Visual

SOUND ARTWORKS, WITH A SOUNDTRACK

 

Andy Carey wonders what music  looks like


PHOTO by shea M gauer

If you like color and dots, or if Colorforms influenced your early work, then you’ll love Andy Carey’s current show at {open}. “Sound!” has color and dots (and sound, naturally); it’s a new notion about what art is—and a new language with which to talk about it.

In “Sound,” Carey has turned a handful of pop songs into abstract art, signifying something with handfuls of small, wooden discs.

What it means is up to you—an end as vexing as it sounds to those of us who like our art easy and simple. Carey makes Mark Rothko look like Ed Roth.

Just ask the folks at {open} to put on the soundtrack (and no, you can’t buy it. It’s not for sale.). Then keep telling yourself: These are just paintings. Paintings of sound. Made with small round discs.

Just as Rothko’s colors were chosen by his moods, Carey’s palette seems ordained by his music. For his Let Forever Be (the song is by the Chemical Brothers), you get a scene of something like twilight—a horizontal maroon canvas (Masonite?) punctuated with large pink discs over a rail of smaller blue and teal discs.

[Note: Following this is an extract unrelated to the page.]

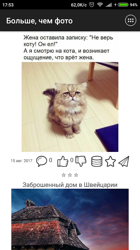 Понравившиеся записи можно комментировать и оценивать. Все понравившиеся картинки можно сохранять в галерее устройства в папке приложения. Ты можешь делиться записями с друзьями через социальные сети, а так же другие установленные на устройстве приложения. Ну и конечно, ты можешь оставлять лайки и сохранять записи в избранное.

His Eight Miles High (the Byrds) also looks like the sky: a row of large gray discs on—what else?—a blue background. Maybe it’s the horizontal canvases, but everything here looks like a sky.

So does 007 (Shantytown), his take on the Desmond Dekker classic—a somehow obvious orange-yellow canvas, adorned with large green manila and maroon discs.

Carey works your brain to understand his. And you won’t, at least not until you reach Deborah and Brian, which are disc portraits of Debbie Harry and Brian Wilson. (Harry’s eye makeup is rendered in glossy discs, while her skin is matte.) They look vaguely like people we think we know—much easier to relate to.